Я прислоняюсь к закрытой двери спальни Милы и начинаю сползать по ней, пока не касаюсь пола, а затем обнимаю колени. Никогда у меня так не дрожали руки.

То, что я увидела его здесь, прямо перед собой, потрясло меня до глубины души. Он выглядел, как ожившее воспоминание, только лучше. Горячее. Сексуальнее. Бесконечно лучше… Коннер.

Его волосы, как и прежде, уложены беспорядочно, а глаза такие же поразительно голубые. Они всё ещё передают каждую эмоцию, что скрывается в его словах, и я видела их все. Шок, горечь, недоверие, гнев, боль. Каждая эмоция отражалась в его пристальном взгляде, пока он не услышал Милу, что повергло его в шок.

Но его подбородок был первым, что я заметила. Это единственное, что изменилось в сильных чертах его лица, и я хотела поцеловать каждый дюйм. Когда-то гладкий, чисто выбритый подбородок теперь покрывала лёгкая щетина, которая придавала ему мужественности.

Он такой же высокий и крепкий. Только плечи стали шире, а бицепсы рельефнее. Половина его рукава1 выглядывала из-под рубашки, и мои глаза моментально нашли запутанный рисунок, контур которого я когда-то много раз очерчивала, лёжа в его объятиях.

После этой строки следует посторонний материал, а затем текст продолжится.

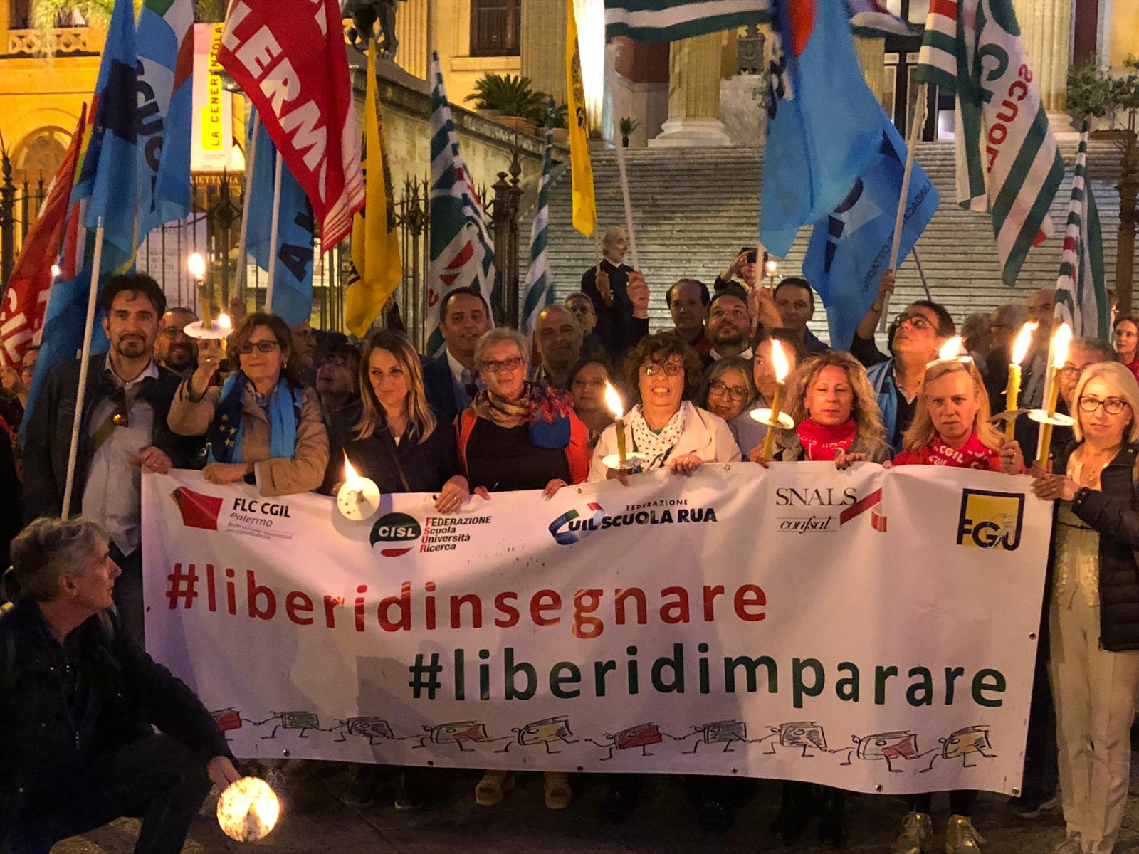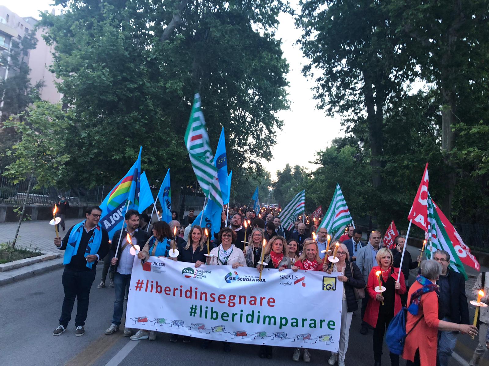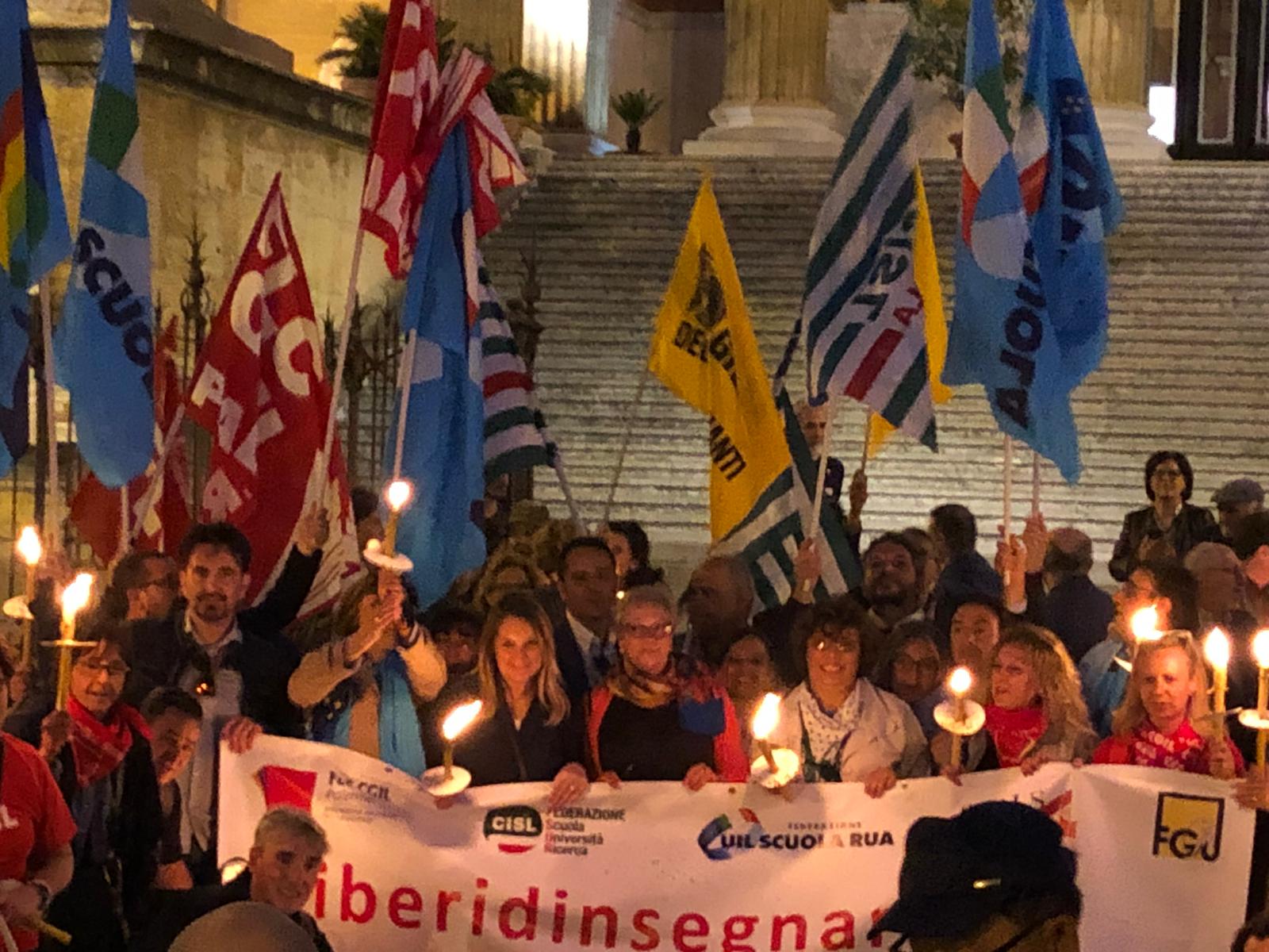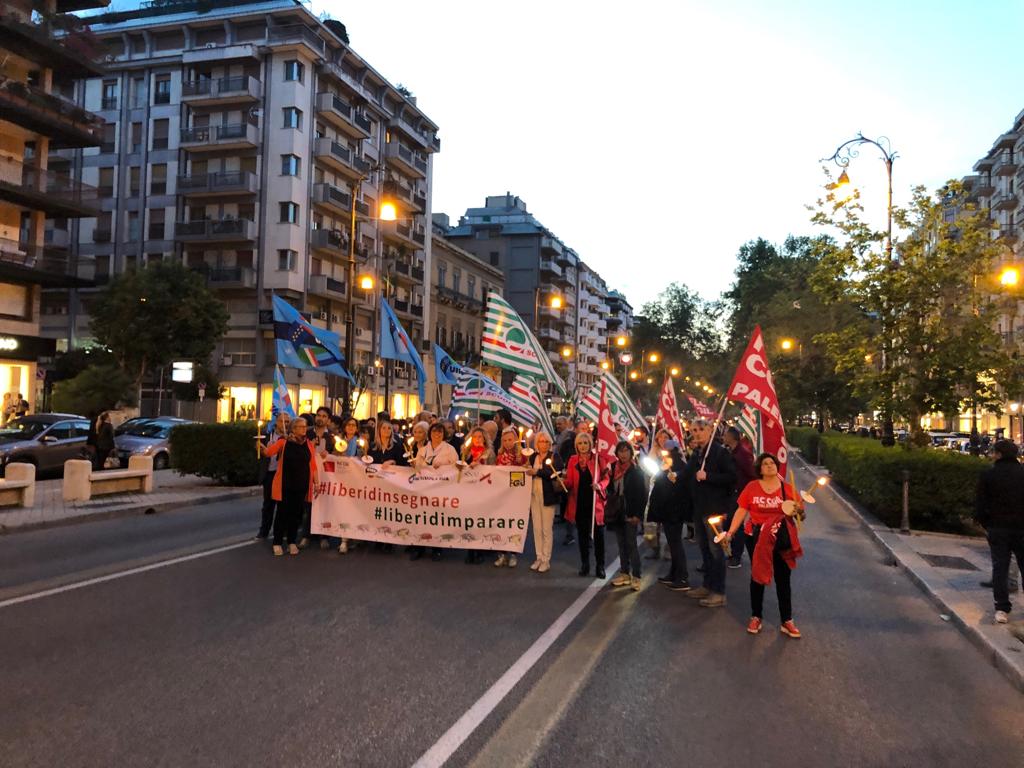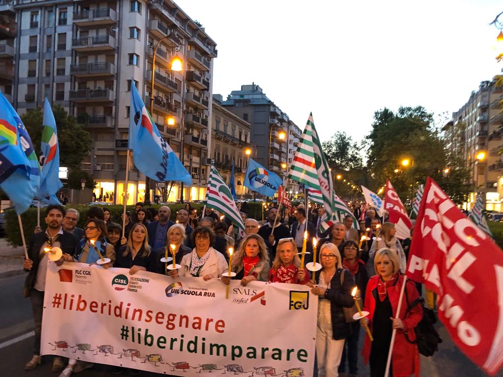 Una Partecipata e ed emozionante assemblea unitaria si è svolta nel pomeriggio del 24 maggio presso L’ITI Vittorio Emanuele III di Palermo, per affermare a gran voce i principi costituzionali della libertà d’insegnamento e della libertà di pensiero. L’ assemblea che ha visto la presenza dei rappresentanti nazionali delle sigle sindacali promotrici, di genitori, studenti e dirigenti scolastici delle scuole di Palermo, è stata animata da interventi di spessore che hanno ribadito la solidarietà all’insegnante Rosellina Dell’Aria punita ingiustamente per aver fatto il suo dovere. Durante l’assemblea e nel corso della fiaccolata – dichiarano i segretari regionali di Flc Cgil Pistorino, Cisl Scuola Bellia, Uil Parasporo , Gilda Lo Re e Snals Romeo, si è respirato un clima emozionante di grande unità, animato dalla consapevolezza di dover difendere fino in fondo alcuni principi fondamentali della scuola della Costituzione, la libertà di insegnamento, la libertà di pensiero e l’unità del sistema scolastico della Repubblica.
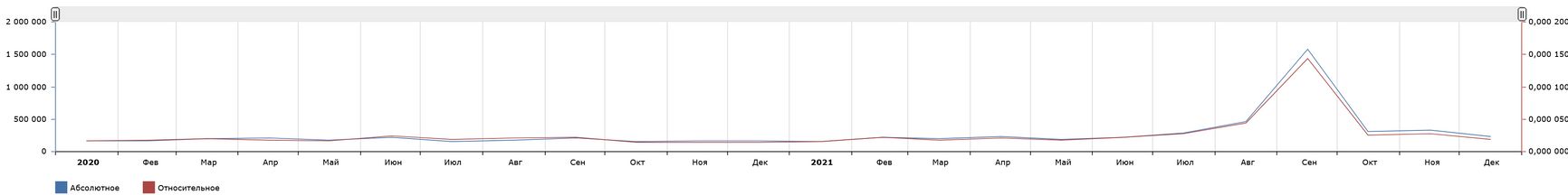 Очевиден рост интереса, связанный с сентябрьскими выборами в Госдуму, и возврат к базовому уровню, который, кстати, вдвое ниже, чем у запроса «Навальный».

Я хотела протянуть руку и коснуться его, пробежаться подушечкой большого пальца по грубой щетине. Желание обжигало, а борьба с ним с каждой секундой причиняла всё больше боли. Столько боли, что она стала тупой и пульсирующей, и я чувствовала её с каждым ударом сердца.

Потому что стоять перед парнем, которого я так сильно любила, знать, что мой секрет стал причиной его страданий, и быть не в состоянии облегчить эту боль или раскрыть секрет, чертовски сильно ранит меня.

Я не поняла, как она появилась, потому что не ожидала её. Боль. Честно говоря, я даже не думала, что увидеть его снова будет так больно. Так не должно быть. Это я продолжала жить, пока он два с половиной года задавался вопросом, где я.

Раньше я не верила, что он удивится. Думала, он немного проявит интерес, а затем заживёт новой жизнью рок-звезды, стереотипной мечтой с девушками, выпивкой и чем-то ещё. Его появление сегодня опровергло ту мысль, с которой я жила с тех пор, как уехала.

Я должна была знать лучше. Я должна была знать, что тогда это будет не Коннер.

То, что он пришёл, хотя не прошло и часа с момента его приезда домой, говорит обо всём.

Это говорит, что ему по-прежнему больно, и он всё ещё не простил меня. Что он не закончил с этим, что он всё ещё ожесточён и зол, и у него есть абсолютное право на эти чувства. Также это говорит о том, что он не поверил в моё возвращение, и он смог убедить себя, только увидев воочию.

Коннер имеет полное право чувствовать себя так. Это я должна взять вину на себя. Это я должна пройти сквозь унижение. Не он. Я должна натянуть трусики большой девочки и встретиться лицом к лицу с решениями, которые приняла, готова я к этому или нет.

Из-за меня и Коннера? Мы ничего не значим. Мы не важны. Только Мила. Я не предполагала, что придётся рассказать ему обо всём так рано, но я не смогу жить всего в нескольких минутах езды от него, не рассказав о его дочери.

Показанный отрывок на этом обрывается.